Once the images are removed, set down everything else in the listing below exactly.

[DATA BELOW]:

****************************************

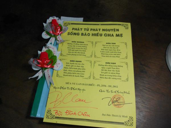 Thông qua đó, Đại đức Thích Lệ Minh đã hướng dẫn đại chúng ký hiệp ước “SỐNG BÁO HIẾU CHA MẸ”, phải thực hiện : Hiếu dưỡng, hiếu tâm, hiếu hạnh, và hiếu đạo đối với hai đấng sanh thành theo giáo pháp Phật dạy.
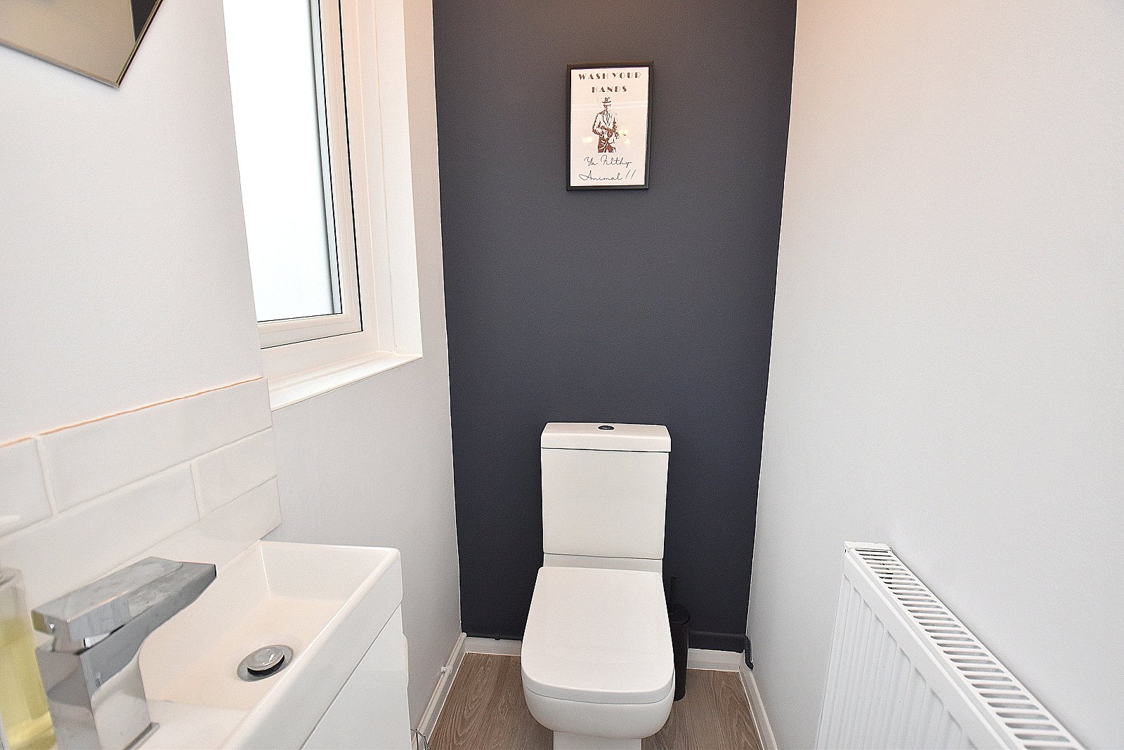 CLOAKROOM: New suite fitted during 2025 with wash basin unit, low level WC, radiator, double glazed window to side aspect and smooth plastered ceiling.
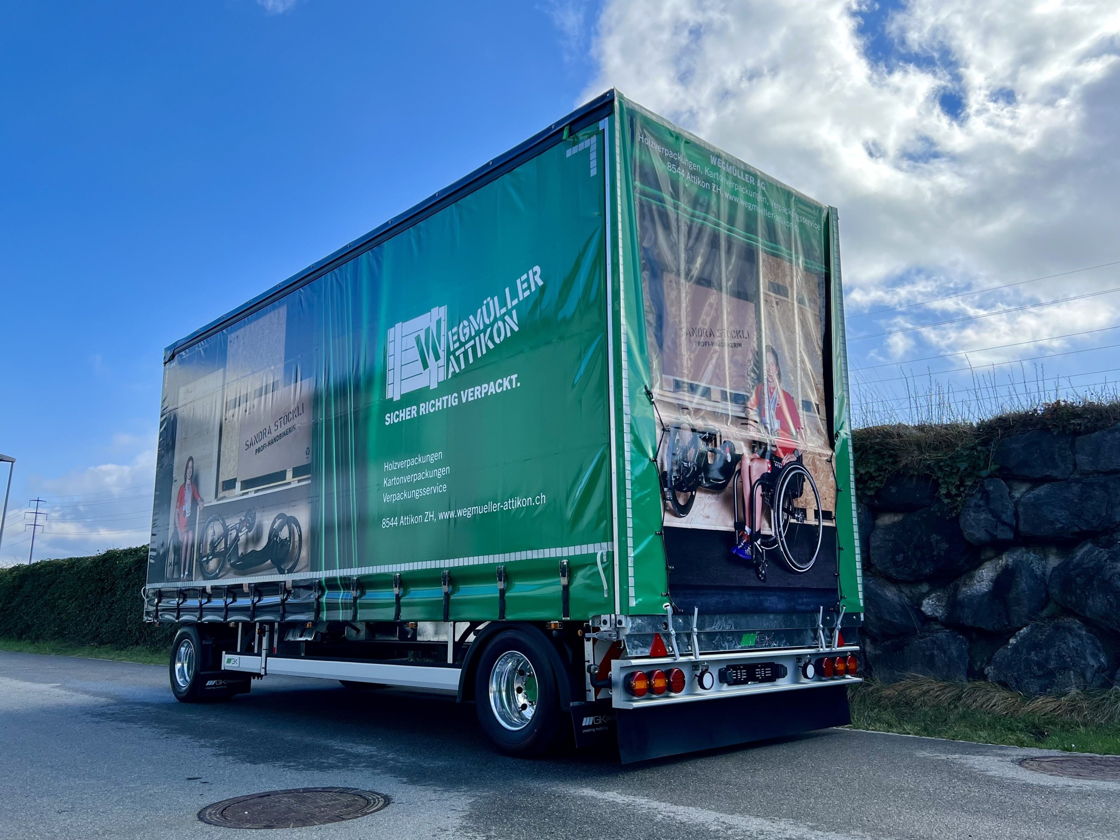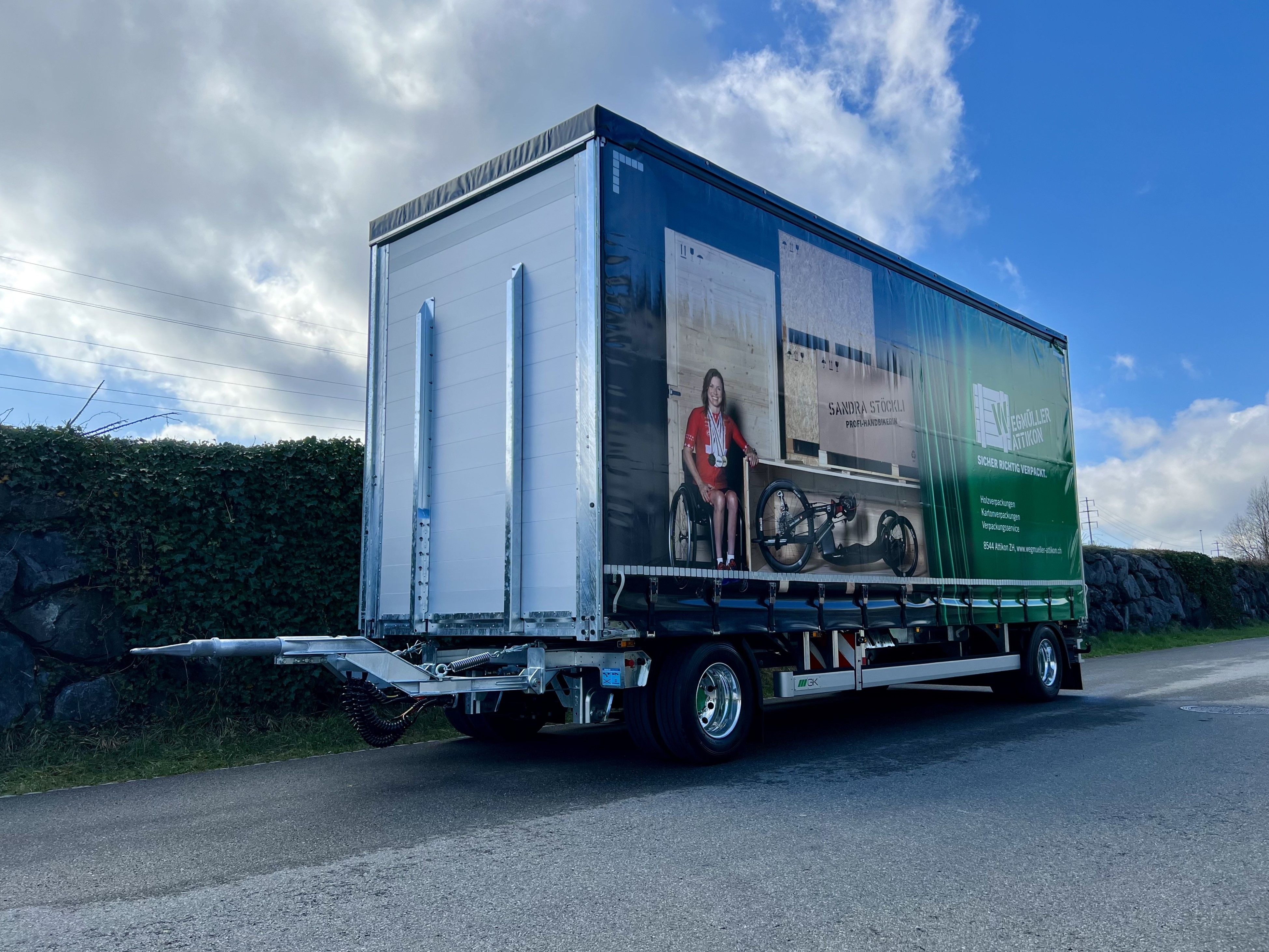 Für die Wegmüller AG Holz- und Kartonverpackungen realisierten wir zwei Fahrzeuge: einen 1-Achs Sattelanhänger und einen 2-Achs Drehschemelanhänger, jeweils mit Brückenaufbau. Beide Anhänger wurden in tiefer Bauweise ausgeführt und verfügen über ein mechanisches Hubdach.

****************************************

[PROBLEM SOLUTION]:
 Thông qua đó, Đại đức Thích Lệ Minh đã hướng dẫn đại chúng ký hiệp ước “SỐNG BÁO HIẾU CHA MẸ”, phải thực hiện : Hiếu dưỡng, hiếu tâm, hiếu hạnh, và hiếu đạo đối với hai đấng sanh thành theo giáo pháp Phật dạy.
 CLOAKROOM: New suite fitted during 2025 with wash basin unit, low level WC, radiator, double glazed window to side aspect and smooth plastered ceiling.
 Für die Wegmüller AG Holz- und Kartonverpackungen realisierten wir zwei Fahrzeuge: einen 1-Achs Sattelanhänger und einen 2-Achs Drehschemelanhänger, jeweils mit Brückenaufbau. Beide Anhänger wurden in tiefer Bauweise ausgeführt und verfügen über ein mechanisches Hubdach.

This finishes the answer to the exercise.